Computer Science Across the Curriculum

How Bootstrap works with teachers, schools, and districts to provide CS and DS modules and professional development that can be integrated across subjects and within standards

Computer science (CS) and data science (DS) shouldn’t be limited to CS or DS classes, and should be based on rigorous research. Those are the clarion calls of Bootstrap, an organization that provides free, research-backed computer science and data science modules and paid professional development workshops to K-12 teachers for integration across a wide set of disciplines. 

The program was developed by a team with expertise in computing education, math education, computer science, and programming language design and implementation. The team co-designs the curriculum, pedagogy, programming languages, and software tools, continually refining them based on research and assessment. By building all of their own components, Bootstrap can create materials that support learning goals in a wide range of disciplines. The organization’s ability to bring computing and data science to where students already are, rather than assume students will come to a standalone course, is one reason why the program has been so effective in reaching girls, Black, and Latinx students.

In this interview, we spoke with Dr. Kathi Fisler, a Founder and Board Member at Bootstrap and Research Professor of Computer Science at Brown University to find out more about Bootstrap’s computer science and data science curriculum, why a mix-and-match strategy for partnering with teachers and districts is important, and why context matters when it comes to advancing equity in teaching and learning.

In K-12 education, we hear a lot about computer science education and coding. We generally hear comparatively less about data science education, one of the focus areas of your work at Bootstrap. In your words, what is data science? 

Frankly, trying to define data science is as futile as trying to define “computational thinking.” Data science is a rich area with many possible emphases. Instead, we prefer to define a model of what belongs in data science. We believe that a strong and equitable data science curriculum combines four ingredients: domains of study, statistics & mathematics, computing, and civic responsibility. (See our blog post on this for more detail.)

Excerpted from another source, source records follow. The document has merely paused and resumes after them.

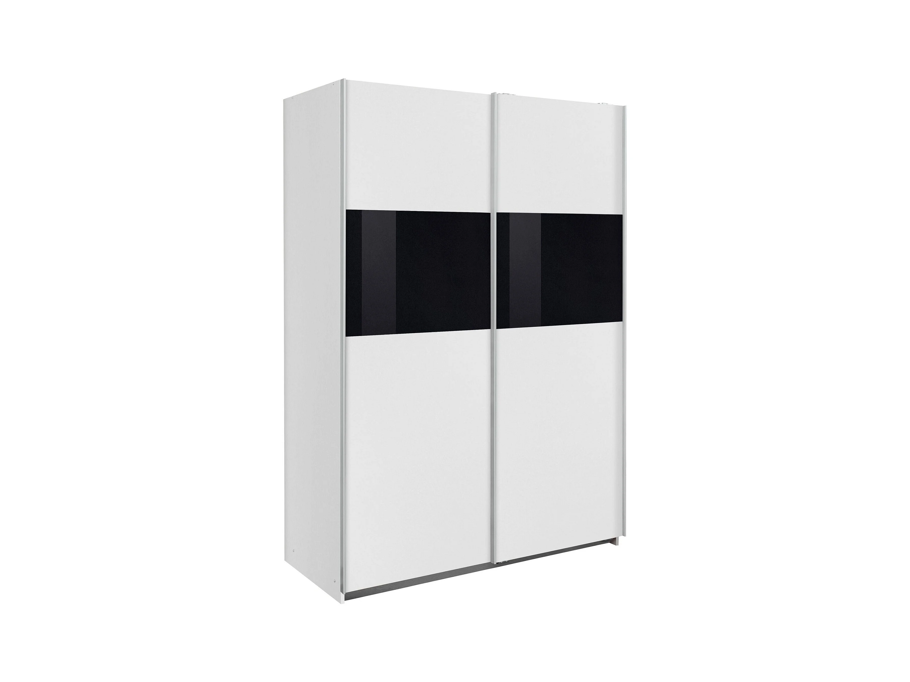 SCHWEBETÜRENSCHRANK Bramfeld Weiß / Schwarzglas 135 / 64 / 198cm
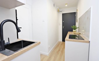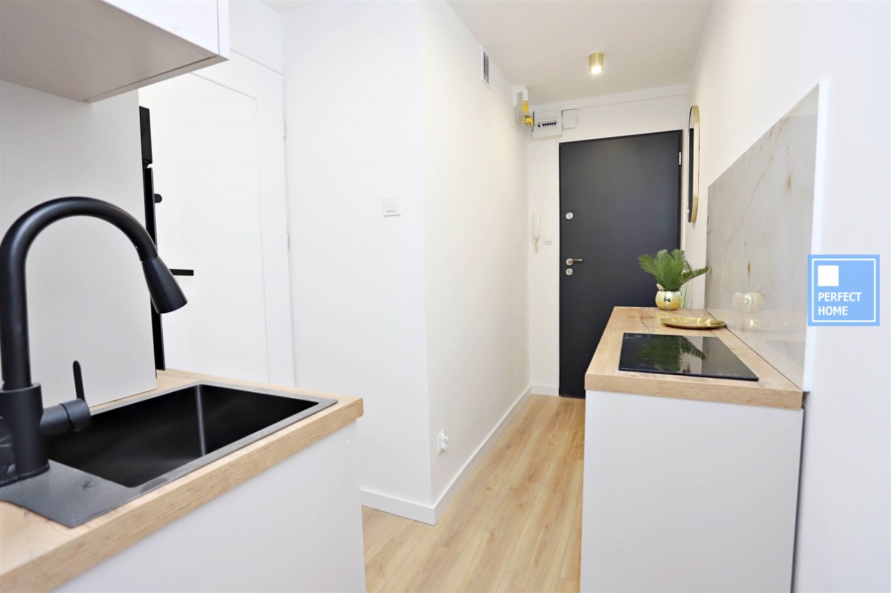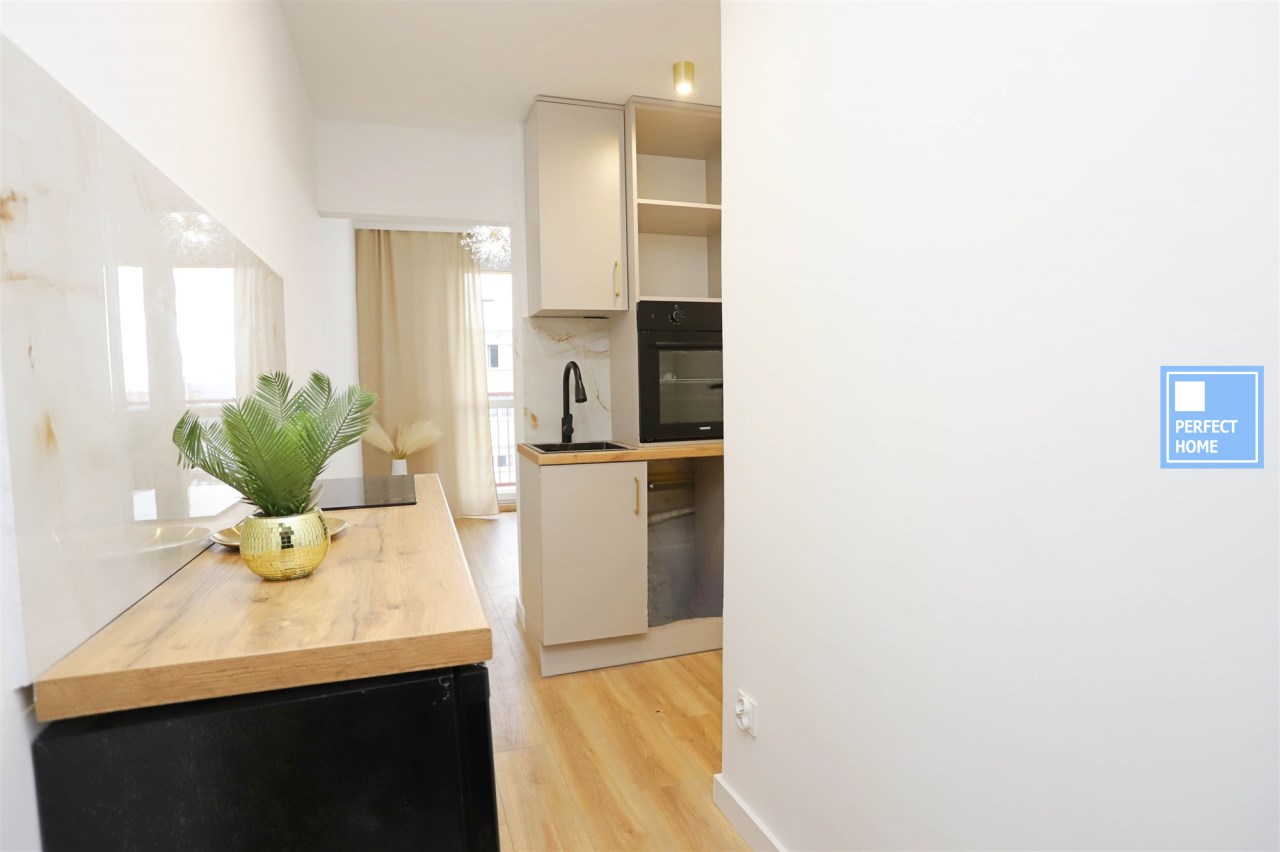 Mieszkanie o powierzchni użytkowej 18,44m², składa się z salonu, kuchni połączonej z przedpokojem oraz łazienki z wc, położone na 10. piętrze budynku, wykończone „pod klucz”, gotowe do wprowadzenia lub natychmiastowego wynajmu. Lokal stanowi idealną propozycję zarówno na pierwsze mieszkanie, jak i inwestycyjnie (np. pod najem krótkoterminowy typu booking). Został urządzony w wysokim standardzie PREMIUM, a każdy element wyposażenia jest w 100% nowy i nigdy nieużywany. W mieszkaniu wykonano nowe instalacje elektryczne oraz wodno-kanalizacyjne. Ogrzewanie miejskie zapewnia komfort użytkowania i niską obsługowość.
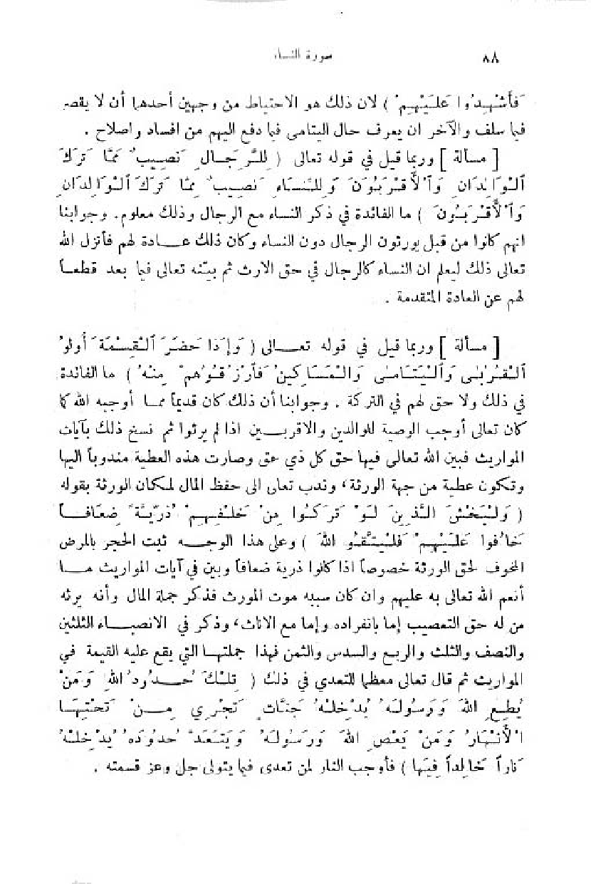 وربما قيل في قوله تعالى (وَ إِذا حَضَرَ الْقِسْمَةَ أُولُوا الْقُرْبى والْيَتامى والْمَساكِينُ فَارْزُقُوهُمْ مِنْهُ) ما الفائدة في ذلك ولا حق لهم في التركة. وجوابنا أن ذلك كان قديما مما أوجبه اللّه كما كان تعالى أوجب الوصية للوالدين والاقربين اذا لم يرثوا ثمّ نسخ ذلك بآيات المواريث فبين اللّه تعالى فيها حق كل ذي حق وصارت هذه العطية مندوبا اليها وتكون عطية من جهة الورثة، وندب تعالى الى حفظ المال لمكان الورثة بقوله (وَ لْيَخْشَ الَّذِينَ لَوْ تَرَكُوا مِنْ خَلْفِهِمْ ذُرِّيَّةً ضِعافاً خافُوا عَلَيْهِمْ فَلْيَتَّقُوا اللَّهَ) وعلى هذا الوجه ثبت الحجر بالمرض المخوف لحق الورثة خصوصا اذا كانوا ذرية ضعافا وبين في آيات المواريث ما أنعم اللّه تعالى به عليهم وان كان سببه موت المورث فذكر جملة المال وأنه يرثه من له حق التعصيب إما بانفراده وإما مع الاناث، وذكر في الانصباء الثلثين والنصف والثلث والربع والسدس والثمن فهذا جملتها التي يقع عليه القيمة في المواريث ثمّ قال تعالى معظما للتعدي في ذلك (تِلْكَ حُدُودُ اللَّهِ ومَنْ يُطِعِ اللَّهَ ورَسُولَهُ يُدْخِلْهُ جَنَّاتٍ تَجْرِي مِنْ تَحْتِهَا الْأَنْهارُ) (وَ مَنْ يَعْصِ اللَّهَ ورَسُولَهُ ويَتَعَدَّ حُدُودَهُ يُدْخِلْهُ ناراً خالِداً فِيها) فأوجب النار لمن تعدى فيما يتولى جل وعز قسمته.
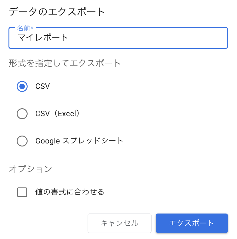 他人が作ったLooker Studioのレポートを見ていて「この可視化の結果と自分が持ってるデータ(例: 独自のカテゴリの分類)を突き合せて分析したいな」ということがたまにあると思います。レポートのオーナーにデータを出してもらうように依頼することもできますが、自分でエクスポートして分析に持ち込むことも可能です。やり方は簡単で、レポート内のグラフの右上に出る「その他」のボタンをクリックして「エクスポート」を押すと形式を選ぶダイアログが出てきます(詳細 / 解説)。CSVなりスプレッドシートなり、好きな形式でエクスポートして、煮るなり焼くなりできます。
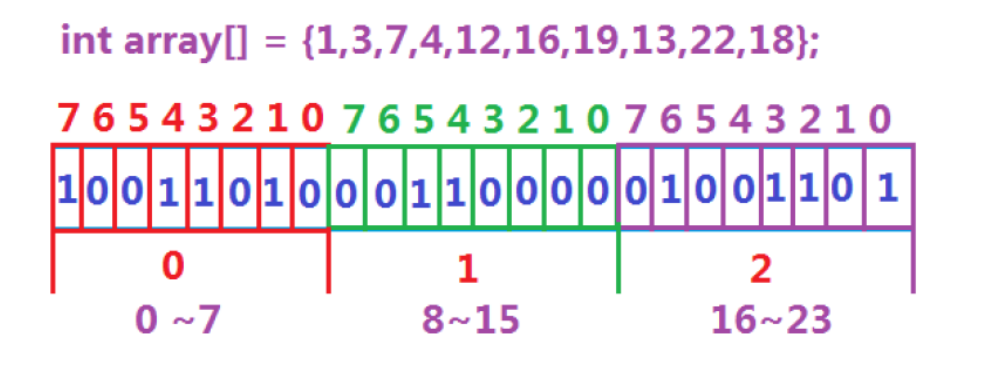 个二进制比特位来代表数据是否存在的信息,如果二进制比特位为1,代表存在,为0
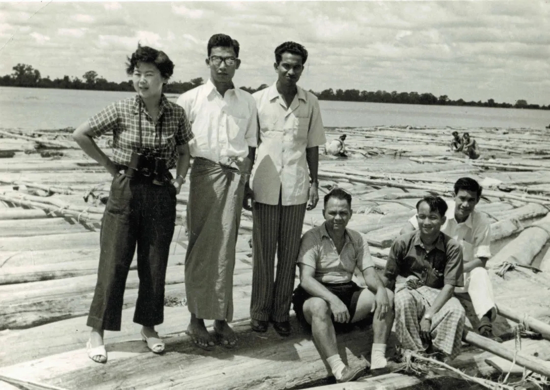 1954年,李桓英(左一)在缅甸伊洛瓦底江畔与缅甸技术人员合影。 北京市委宣传部供图
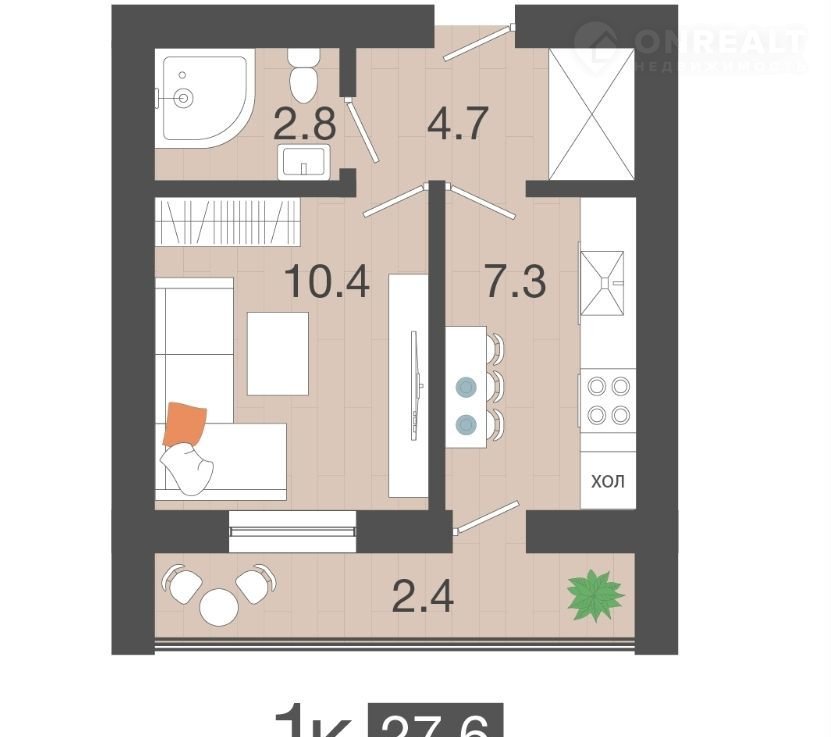 Общая площадь 27.6 м2
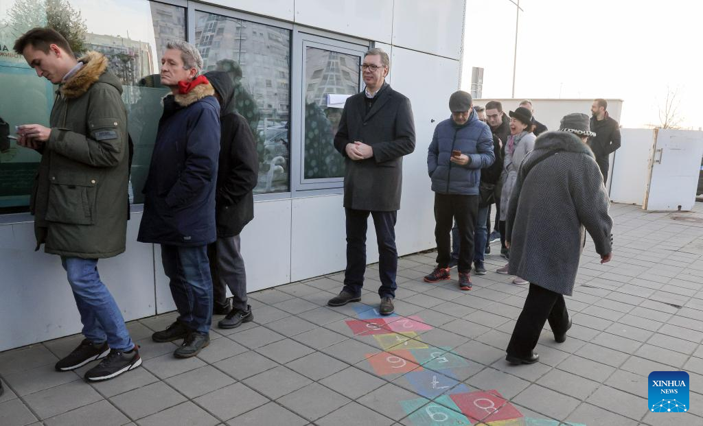 Serbian President Aleksandar Vucic (C) waits in a queue outside a polling station in Belgrade, Serbia, on Dec. 17, 2023. (Photo by Predrag Milosavljevic/Xinhua)
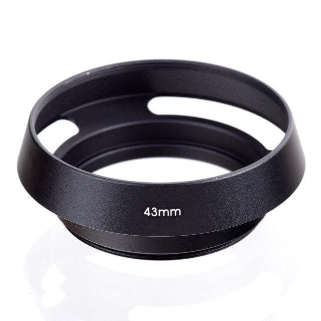 Металева бленда 43ммм. Підходить на всі об'єкти з діаметром передній лінзи 43мммм. Металева, легка і надійна вентиляційна бленда з різьбленням для світлофільтрів на зовнішньому боці. Форма "Обратний конус" створює додатковий захист передній лінзи об'єктиву від паразитних променів. Можна використовувати совесно з Пакунок 52 мм або такий.

Once you include domains of study, data science can fit into any discipline. But as it does so, it is important to bring in each of the other three domains, otherwise you miss key perspectives that underlie data science in practice.

Why is it so important that data science be a part of K-12 education? 

Data science belongs in K-12 education because our lives are increasingly influenced and impacted by data. For most students, data will be used to make decisions that impact themselves and their communities. For others, working with data will be part of their professions. It’s an essential modern literacy.

As we celebrate CS Ed Week, what do you wish that more people understood about computer science education? 

Computer science should not be defined by being able to write programs with conditionals, sequences, and explicit loops. Data science education centers none of these, for example, but still teaches core computational skills of decomposition, pattern recognition, abstraction, and programming. 

There also isn’t enough consideration of trustworthiness of computations in most K-12 efforts. Students are taught to create computational artifacts, but rarely to think about whether those artifacts can be trusted to do what we want them to do. Programs can have bad outcomes; the rise in calls to reign in automated-decision making systems attests to that. Shouldn’t we be building in habits of thinking about what an artifact should and shouldn’t do as students start to learn to write code? We do this in Bootstrap, but few other curricula do, and few CS standards call for this content either.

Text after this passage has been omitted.